304 is used in a lot of stainless Damascus because it’s:
Highly corrosion resistant
Great for contrast and pattern development
Reliable in forge-welding contexts
But in performance terms, 304 is not there to be the “hard cutting layer.” In an AEB-L/304 laminate, AEB-L is the layer doing the heavy lifting at the edge (assuming your edge is finished and maintained appropriately).
Bottom line: AEB-L/304 stainless Damascus is best understood as a tough, stainless, fine-edge laminate—not a “super steel killer.”
Here’s the practical, non-hype takeaway that lines up with his conclusions:
Damascus doesn’t erase alloy limits. If you want edge retention that competes with high-wear PM stainless steels, you generally need alloys (or structures) that actually support that kind of wear resistance.
For AEB-L/304 specifically: you’re building for toughness + edge stability + corrosion resistance + aesthetics, not maximum abrasion edge retention.
Thomas’ work repeatedly shows that cutting performance isn’t just alloy—it’s also edge finish and geometry.
For AEB-L/304, many makers and users love a finish that preserves a little bite, because AEB-L takes a very clean edge and sharpens easily.

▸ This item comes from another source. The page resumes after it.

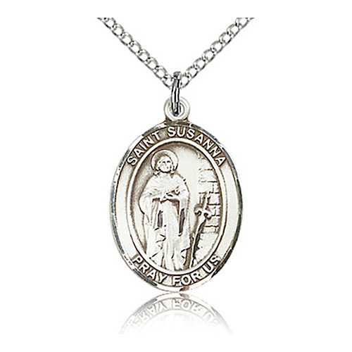 This sterling silver Saint Susanna medal dangles from a sterling silver 18in curb chain with lobster clasp. 3/4in x 1/2in. This oval medal is the size of a penny. Inscription: SAINT SUSANNA PRAY FOR US. Die struck, hand-finished. Made in USA.

AEB-L/304 stainless Damascus shines in:
kitchen knives and daily cutters where corrosion resistance matters,
users who want a blade that sharpens easily and takes a refined edge,
buyers who want performance and art.
If someone’s goal is “cut abrasive stuff all day and never sharpen,” modern high-wear steels are purpose-built for that trade-off.
If you’re comparing Damascus to a “super steel,” ask questions that actually predict performance:
What alloys are in the Damascus?
What hardness is it run at?
What was it optimized for—kitchen slicing, EDC, or heavy abuse?
How often do you mind sharpening?
AEB-L/304 stainless Damascus is a great choice when you want:
stainless peace of mind,
a clean, stable edge,
toughness and easy maintenance,
and a pattern that looks like nothing else.
Thomas’ 2023 testing doesn’t say “Damascus always wins” or “Damascus is only decoration.”
It shows something better:
Damascus can be excellent—but only when you treat it like engineering, not mythology.
For AEB-L/304, the winning argument isn’t “it beats every super steel.”
It’s:
“It’s stainless, tough, takes a beautiful edge, sharpens easily, and you can carry/use it without babying it—while still being functional art.”
Larrin Thomas, “Does Damascus Outperform Super Steels? Testing Different Combinations” (July 13, 2023).
Larrin Thomas, “All About AEB-L” (March 4, 2019).
Larrin Thomas, “Knife Steels Rated by a Metallurgist: Toughness, Edge Retention, and Corrosion Resistance” (Oct 19, 2021).
Larrin Thomas, “Testing the Edge Retention of 48 Knife Steels” (May 1, 2020).